I also have a camera/movie recorder and I want to apply for a TV show that will have me winning millions. The rules say that the film that I must make of myself should be “DVD formats”.
So....can I copy the AVI file from my C drive onto this “DVD drive”? Can I use regular CD-RW or CD-R disks in this thing? Does the fact that it’s called a DVD drive thus make my copy of the AVI file on it a “DVD format”?
I appreciate any help anyone can give me. I will share some of my millions with you if I get some good answers.
I am new to this but chugging along as I learn.
Heh.
Never should’ve sold by vinyl collection. Vinyl recorded onto reel-to-reel or a high quality cassette deck sounds (to my ears) far superior to digital. Can listen for hours on end. Digital, otoh, get irksome after less than an hour of listening. Don’t know exactly why.

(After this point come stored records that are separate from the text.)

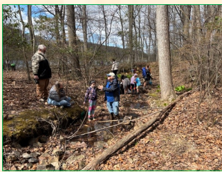
Club members collecting insects in the stream.

The members of The Entomology Club held their annual Stream and Lake Hike at the Greenbrier State Park on Sunday, 13 April. We walked in the stream and into the lake to look at and capture all kinds of interesting creatures. We managed to find nymphs of caddisflies, stoneflies, crane flies, mayflies, dragonflies, and beetles as well as frogs and salamanders. We released the frogs and salamanders, but kept some of the various insects that we will look at under a microscope at the Catoctin Creek Nature Center at our 18 May meeting. Members of The Entomology Club participated in the International iNaturalist City Challenge from 25-28 April where we tried to find as many creatures as possible and uploaded them onto iNaturalist.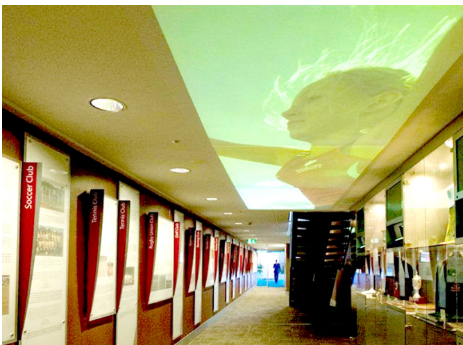
Fig. 2 - Museum space showing objects in show cases on right, story boards and text panels on left and video projection on roof.

selection of high profile sporting participants. This helped to extend connections with previous sporting alumni encouraging donation of more objects to build the museum's collection. The athletes in the first exhibition had achieved success in swimming, rowing, athletics, softball, ultimate frisbee and wheelchair basketball. A rowing coach was also featured. The launch was attended by friends and family of those featured in the exhibition. One of the technical highlights of the museum was the development of a ceiling projector showing video footage which gives visitors a feeling of immersion in the subject. The focus on individual stories reinforces the importance of people in the work of the museum.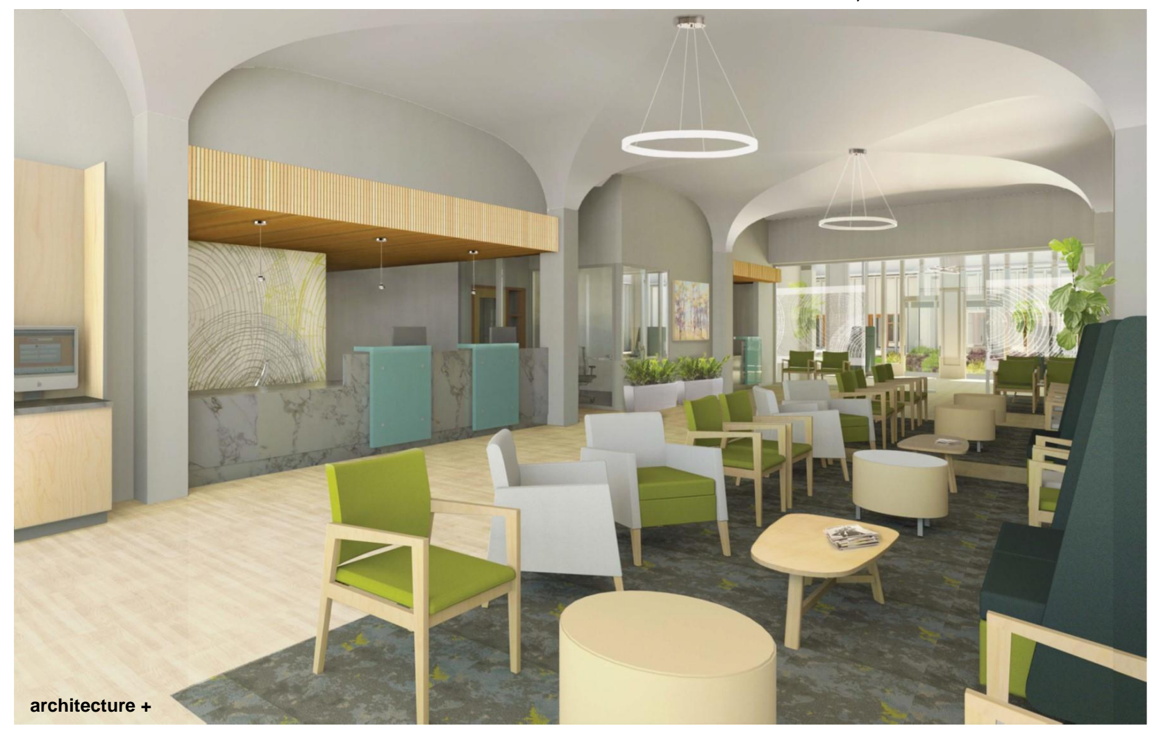
University at Albany - Dutch Quad Renovation

Construction Bid Forecast and Professional Services Contract Opportunities Fall, 2017

Thankfully due to the ripping capabilities of CDs my music collection is 99.9% complete...at almost 5,000 songs (mostly from the 50's and 60's).
he first cd I saw was when my roomate in probably ‘86 bought a CD. I was afraid to touch it at first. My first CD was The Hooters.
Vinyl, along with other analogue sources such as RTR tape, still sounds better to me 99% of the time. Thankfully CD recording and playback has improved pretty drastically over the last quarter century. ‘80s digital would drive me out of a room in seconds with a screaming headache; now I can listen to decent CDs without pain (though the bad ones are still horrendous), but with no real pleasure or musical involvement.
I occasionally download some old tune that I have a hankering to hear again, but some of my favourite songs are ones that I never would have heard if I didn’t buy the whole album. Of course, I could always illegally download the whole album, but I don’t believe in doing that.
And while CDs may have their shortcomings, they’re good enough for my ears and certainly a heck of lot better quality than a lot of the poorly-encoded MP3s out there.
The thing I don’t get...
I was in my teens and buying music in 1982. My vehicle had a Tape player. It was leet(it had auto reverse). There was simply no way that I’d pay nearly double for a CD that I couldn’t play in my car. While all that caught on a few years later...CDS were NOT a big influence until the 90s. Tapes ruled till probably 1990.
The first CD I remember seeing in a store was Billy Joel's "An Innocent Man" at Sears. The first one I ever bought (on the same day as my first CD player) was Metallica's then recently remastered "Kill 'Em All" in 1988.
Well, I’m just too old and set in my ways to understand what all this talk means, and I’ve got my fingers in my ears and my eyes shut and yammering gibberish, for anyone who would like to enlighten me any futher...What I’d just like to know how is you deal with scratched CD’s. Should I throw them out? I might learn IPOD however, my daughter has one. She thinks I’m hilariously hopeless though
The CD was a total paradigm shift away from the vinyl LP and magnetic cassette tape. Truly a revolutionary technology.